Overheard at RTO Insider/SAS ISO Summit

CARY, N.C. — Despite a late spring Nor’easter that closed airports and forced some speakers to participate via phone, dozens of RTO and ISO officials journeyed to SAS’ snow-free campus in North Carolina last week for a discussion on data and technology challenges. Here’s some of what we heard at the RTO Insider/SAS ISO Summit.

Duck Curve, Meet Armadillo Shell

The duck curve — which came out of California to describe the ramping challenge provided by solar resources — has since been adopted as a term by other regions, including ISO-NE. (See “New England’s Duck Curve,” Overheard at NECA Renewable Energy Conference.)

Kenon Ögleman, ERCOT | © RTO Insider

But not in Texas, if Kenan Ögelman, vice president of commercial operations for ERCOT, has his way. Texas, which has led the nation in wind development, is starting to make strides with solar as well.

So Ögelman is pitching an alternative description: an armadillo on its back. “The belly of the duck is the shell of the armadillo,” he explained.

As in California, solar generation stops just as demand is rising to its daily peak. But Texas’ width may make it a bit easier to manage the ramp. “Because most of our load centers are in the center and the east … of Texas, and most of the highest potential solar is in the west, we might be able to buy ourselves … an extra hour there potentially because Texas is so big.”

When solar is wanting to dispatch and use the grid, that isn’t necessarily overlapping with wind as much so there might be some … complementary ability to use the grid.”

California, meanwhile, will be releasing a new version of the duck curve soon, said Lorenzo Kristov, principal for market and infrastructure policy for CAISO.

The new curve is necessary, Kristov said, because solar has grown so fast that the duck curve is playing out four years ahead of projections.

“We actually hit 11,000 [MW] net load last year — that’s just below what we forecasted for 2020,” he said. “And we actually hit this very steep ramp — the 13,000 [MW] that was … the projection for 2020 — we hit it in December 2016.”

iso summit
Left to right: Tim Fairchild, SAS; Chris Hendrix, Walmart; Lorenzo Kristov, CAISO | © RTO Insider

The California Energy Commission’s 20-year forecast for rooftop solar adoption is updated every two years. “And invariably the forecast they did two years ago is way lower than the forecast when they revise it two years later,” Kristov said.

One other development: Peak demand is coming later in the day. “The solar starts to reduce the magnitude of the normal peak hours, leaving a residual peak that happens a little bit later because the air conditioning is still running, but the sun has now gone down,” he said.

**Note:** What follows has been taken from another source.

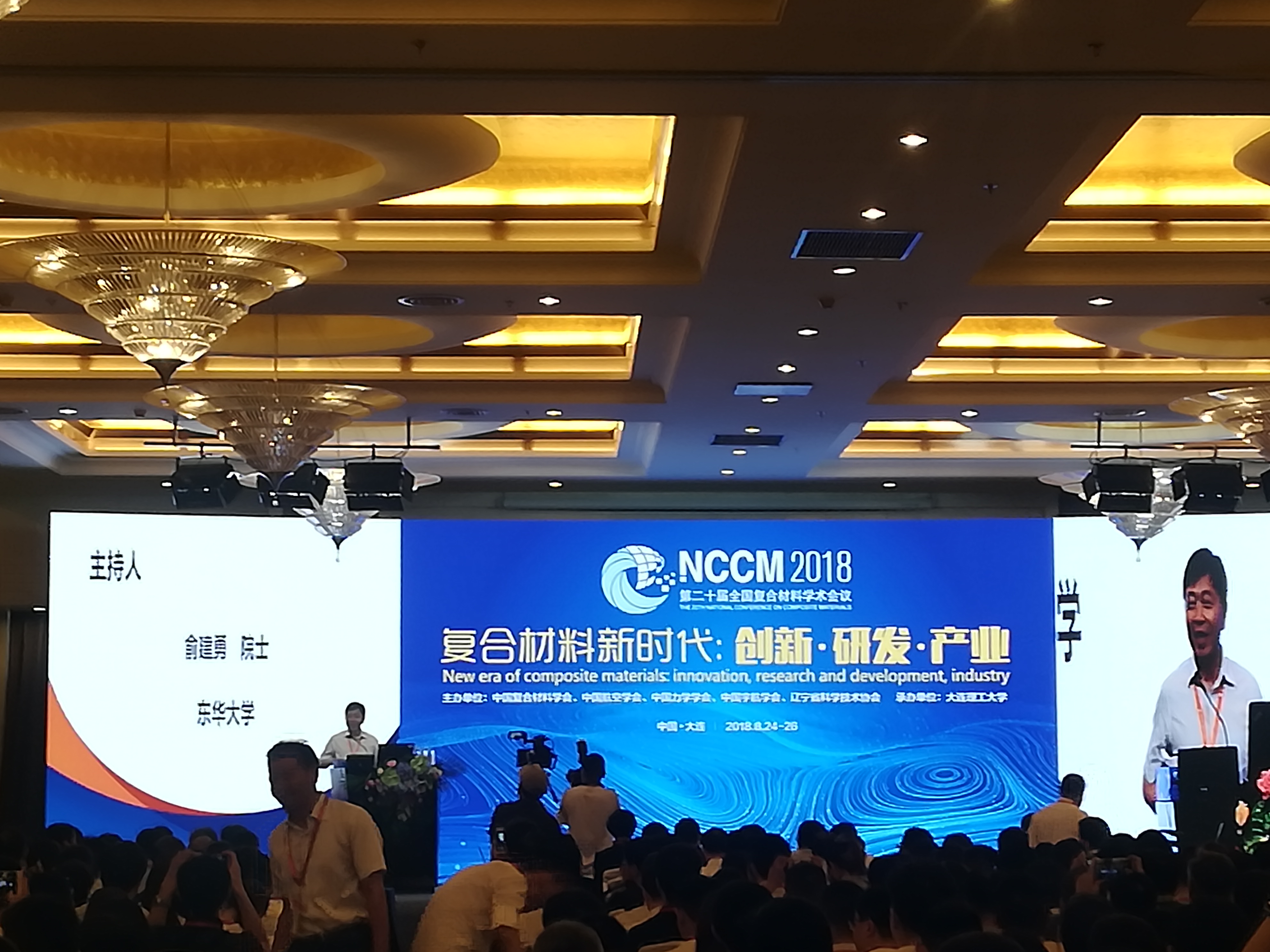 8月24-26日,第二十届全国复合材料学术会议(简称NCCM-20)在辽宁省大连市海创科技交流中心举办,纺服学院纺织工程系杨莉老师参加了此次学术会议。中国工程院院士杜善义、陈祥宝、俞建勇、侯晓、蹇锡高,辽宁省科协党组书记、副主席张春英,大连理工大学副校长贾振元等出席了开幕式。开幕式由蹇锡高院士主持,来自全国500余位复合材料科技工作者和工业界代表参加了会议。全国复合材料学术会议(National Conference on Composite Materials)是由中国复合材料学会、中国航空学会、中国宇航学会、中国力学学会联合举办,是目前国内历史最悠久的复合材料学术会议。

RTOs, Retail Choice Help Walmart Meet Renewable Goals, Cut Costs

As Walmart’s director of markets and compliance, Chris Hendrix is charged with controlling energy costs while meeting the retail giant’s goal of obtaining half of its electricity needs from renewable power by 2025.

That has led the company to set up its own energy supply company to power its 4,500 Walmart and Sam’s Clubs locations in the U.S. It also has invested in more than 400 renewable generation projects, including wind in Texas and solar in California, Arizona, Massachusetts and Connecticut. “In ERCOT, about 30% of our load is [served by] wind. It’s going to grow over time,” Hendrix said, citing two projects under construction.

“Not only are we buying power, we’re also a market participant in all the ISOs. … We have a retail supply license in 11 states, plus the U.K. We just act like everybody else, your Direct Energy, your Constellations of the world. The only difference is … I don’t have a sales force and I don’t have customer parallel on the backside.” His customers are the store managers.

“Every single market, every single co-op, every single utility, we’re there. So we have a good cross-section of the U.S. markets,” he said. But only ISO/RTO markets and states with retail choice give him all the tools he needs to do his job, he said.

“The only way that we’re able to buy large-scale renewables is through an ISO,” he said. And ISOs and RTOs with retail choice provide transparent LMPs that allow price hedging.

“Where we run into problems is in parts of California, where we don’t have choice, [and] SPP [and] MISO, where we’re exposed to an average price. It may not even be a time-of-use price. … So that’s not really setting the right price signal for us to implement renewables or energy efficiency or demand response, because all I have is a flat price of 7 cents/kWh.”

Alberta Capacity Market to Create New Forecasting Challenge

Steven Everett, AESO | © Cassondra Wilson, SAS Institute Inc.

There will soon be one less energy-only market in North America. The Alberta Electric System Operator is planning to introduce a capacity market to ensure it has sufficient firm generation supply as the province seeks to add renewables and eliminate coal generation by 2030.

That means new challenges for Steven Everett, forecasting manager for AESO.

“Whether it’s two or three or five [years] — or however many years out our capacity market is — our load forecast will determine what will be the size of that market,” he said. “So there’s going to be new layers of scrutiny on that forecast.”

NYISO Teaching QA Staff Hacking Skills

No electricity conference is complete without a discussion of cybersecurity. Top technology officials from PJM and NYISO took part in a conversation with moderator Stu Bradley, vice president of SAS’ cyber business unit.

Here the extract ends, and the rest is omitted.